As strictly a fish-out-of-water comedy, "Kickin' It Old Skool" would be disposable but diverting. For example, what person old enough to remember the early days of MTV wouldn't laugh when Justin wakes up in 2006 and is confused by a station that has replaced music with what he describes as "teenage girls talking and crying?" So far, so good, but it's all downhill from here. The obsessive use of caricatures and stereotypes to make up the other half of the jokes reveal a distinct lack of inspiration on the screenplay level; they are not incorporated as a means to reveal anything about human nature or society, as they so intelligently were in 2006's "Borat: Cultural Learnings of America for Make Benefit Glorious Nation of Kazakhstan
," but are there just to laugh and point the finger at what is supposedly the norm for each racial group and sexual orientation. The only black woman on display, Darnell's girlfriend Roxanne (Vivica A. Fox), is characterized as a cornrows-wearin', trash-talkin', money-grubbin', baby-makin' machine. The only Asian of significance, Aki, is forced within a minute of first arriving onscreen to recite the "booty trap" line from "The Goonies" and impersonate Long Duck Dong from "Sixteen Candles." Throw in fat jokes and Jew stabs, and you have a movie that, in essence, boils down to two hours of bullying and name-calling.
Jamie Kennedy is wide-eyed and sweet as Justin, but does tend to overreach by portraying what appears to be a mentally-disabled person rather than a kid in an adult's body.

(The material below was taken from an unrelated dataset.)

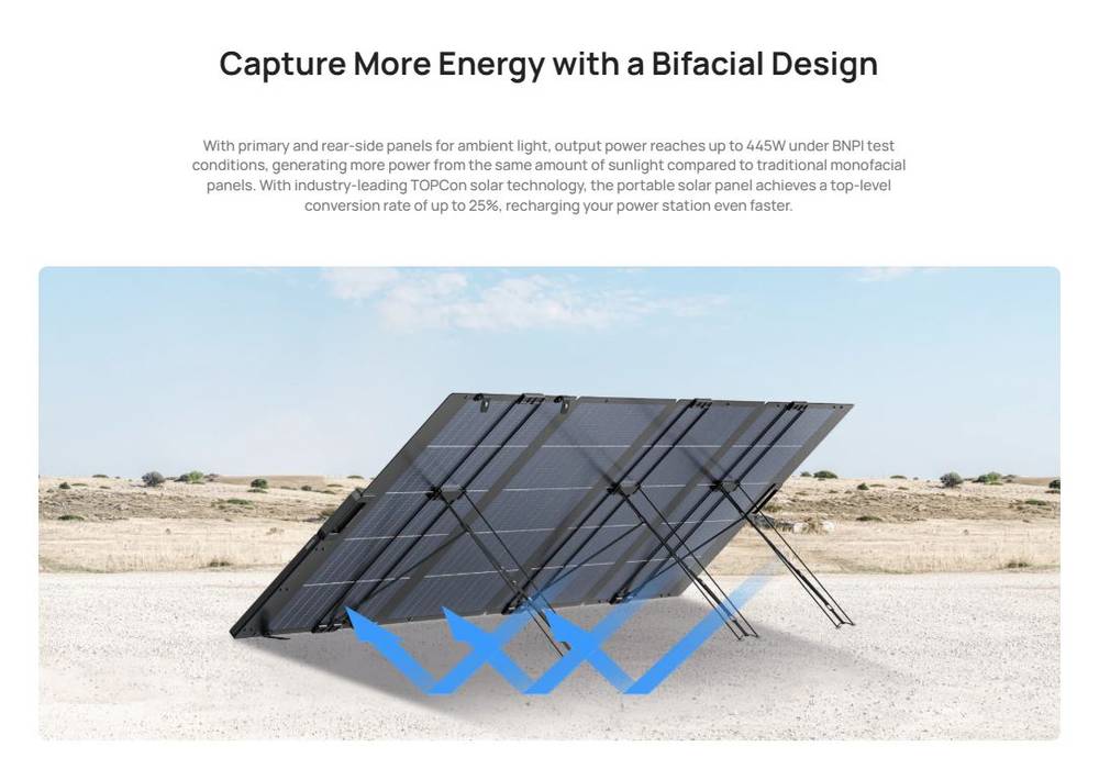 • Up to 25% conversion efficiency rate with a bifacial design
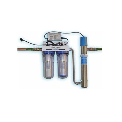 This purifier comes equipped with an electronic ballajst that features an alarm system which sounds an audible alarm if the UV lamp is not functioning properly. All installation hardware (mounting bracket, filter wrench and flexible S-pipe for the connection between filtration and UV) are supplied with the system. Shutoffs are not supplied and are optional, depending on the plumbing set-up. This residential water purification system offers very efficient water treatment at a low cost per unit volume. The system is designed for ease of installation and is fully tested prior to shipment.

In her major acting debut, Maria Menounos (formerly an "Entertainment Tonight" correspondent) is dreadful as object of Justin's affections Jennifer. She's pleasing to the eye, but has the emoting capacity of a Barbie doll and hits a wall whenever she must sell a line of dialogue. It's not all Menounos' fault, though. Her character has been written as such a dim bulb that it becomes infuriating, and her motivations are skewed. It is never believable that a sweet gal like herself would be involved with the borderline-sociopathic Kip, who treats her and everyone else like dirt. Michael Rosenbaum (2002's "Sorority Boys
") plays this bad-guy boyfriend part with an exaggerated lack of redeeming qualities; throw some horns on the sides of his head and he could pass for Lucifer.
"Kickin' It Old Skool" revolves around breakdancing, but has barely been mentioned so far as it pertains to the story. That's because it is an utter bore, and the climax set at the dancing competition drags on so long one wonders if the film wasn't originally meant to be a miniseries event. Before this point, the picture isn't a painful one to watch, only stupid, condescending and outdated. Getting all the way to the end credits is quite another story. Jamie Kennedy has raw talent and comedic flair, but he's going to need more than that if he continues with stinkers like "Kickin' It Old Skool" and still hopes to be working five years from now.